__DATA SHOWN__:

^^^^^^^^

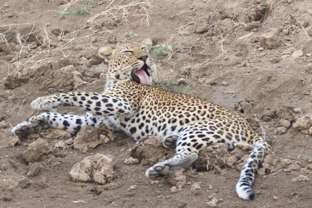We spent far too long chatting to Philemon, and had to race back to the gate in time for the 6pm curfew for self-drivers. We made it just in the nick of time, but not before we got one more sighting of a leopard, this time the best of the lot. In the dying evening sun, a male leopard was strolling across the open ground to begin his nightly activities. When we first saw him he was sitting still, on the dry mud, and yet perfectly camouflaged. Dust was lingering in the air from a nearby buffalo herd, and we would have driven straight past had the guide in the lone game viewer not alerted us to his presence.
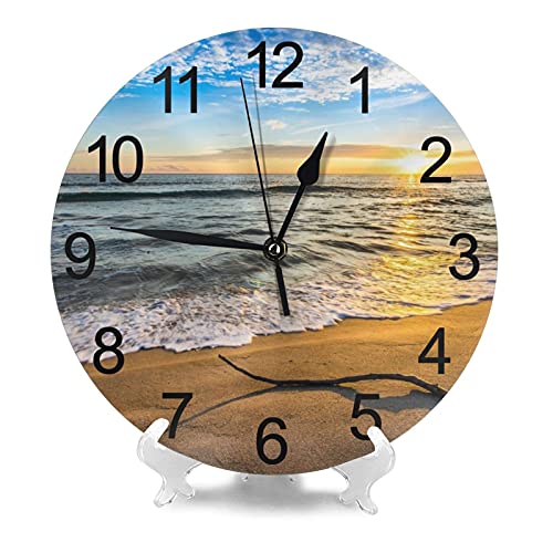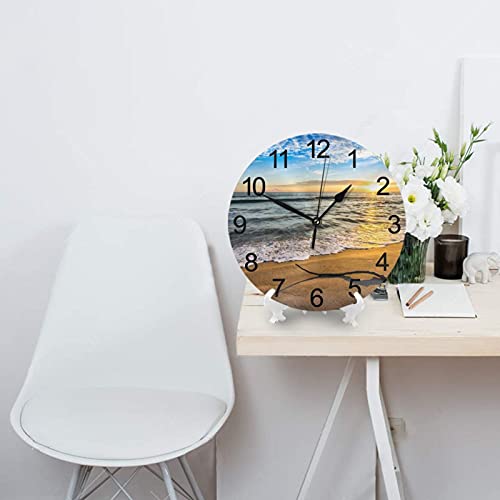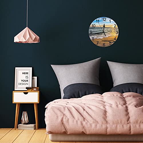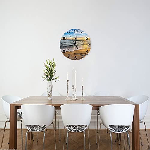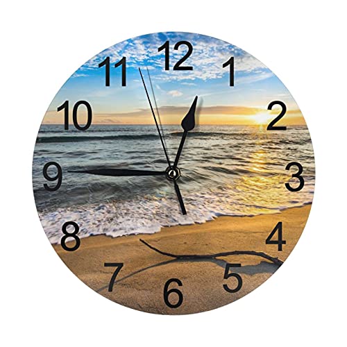 pingwpinw - ساعة حائط لديكور المنزل بتصميم غروب الشمس على الشاطئ، ساعة حائط صامتة بلا تكتكة، ساعة الكترونية دائرية للحمام وغرفة النوم والمطبخ وغرفة المعيشة والمكتب والمدرسة، بولي فينيل كلورايد، تناظري
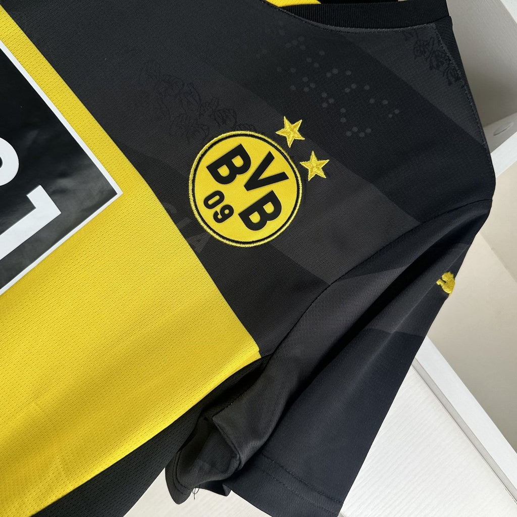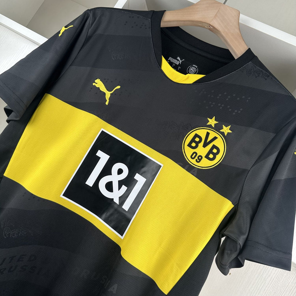 A camisa 2 do Borussia Dortmund para a temporada 2024/25, desenhada pela PUMA, tem um visual predominantemente preto com detalhes significativos em amarelo, celebrando diversidade e inclusão entre os fãs do clube. O lema "United by Borussia" (Unidos pelo Borussia) é um elemento central, aparecendo em diferentes formas na camisa, incluindo letras, linguagem de sinais e Braille, uma escolha que busca tornar o design acessível e inclusivo para todos os torcedores, incluindo os com deficiências visuais. O escudo do clube e o logotipo da PUMA são amarelos, contrastando com o fundo preto, enquanto o detalhe das listras tonais pretas adiciona um toque moderno e elegante ao uniforme.

^^^^^^^^

__AIM OF THE EXERCISE__: Please retype the listing above word for word, skipping each picture.

__RESPONSE TO THIS TASK__:
We spent far too long chatting to Philemon, and had to race back to the gate in time for the 6pm curfew for self-drivers. We made it just in the nick of time, but not before we got one more sighting of a leopard, this time the best of the lot. In the dying evening sun, a male leopard was strolling across the open ground to begin his nightly activities. When we first saw him he was sitting still, on the dry mud, and yet perfectly camouflaged. Dust was lingering in the air from a nearby buffalo herd, and we would have driven straight past had the guide in the lone game viewer not alerted us to his presence.
 pingwpinw - ساعة حائط لديكور المنزل بتصميم غروب الشمس على الشاطئ، ساعة حائط صامتة بلا تكتكة، ساعة الكترونية دائرية للحمام وغرفة النوم والمطبخ وغرفة المعيشة والمكتب والمدرسة، بولي فينيل كلورايد، تناظري
 A camisa 2 do Borussia Dortmund para a temporada 2024/25, desenhada pela PUMA, tem um visual predominantemente preto com detalhes significativos em amarelo, celebrando diversidade e inclusão entre os fãs do clube. O lema "United by Borussia" (Unidos pelo Borussia) é um elemento central, aparecendo em diferentes formas na camisa, incluindo letras, linguagem de sinais e Braille, uma escolha que busca tornar o design acessível e inclusivo para todos os torcedores, incluindo os com deficiências visuais. O escudo do clube e o logotipo da PUMA são amarelos, contrastando com o fundo preto, enquanto o detalhe das listras tonais pretas adiciona um toque moderno e elegante ao uniforme.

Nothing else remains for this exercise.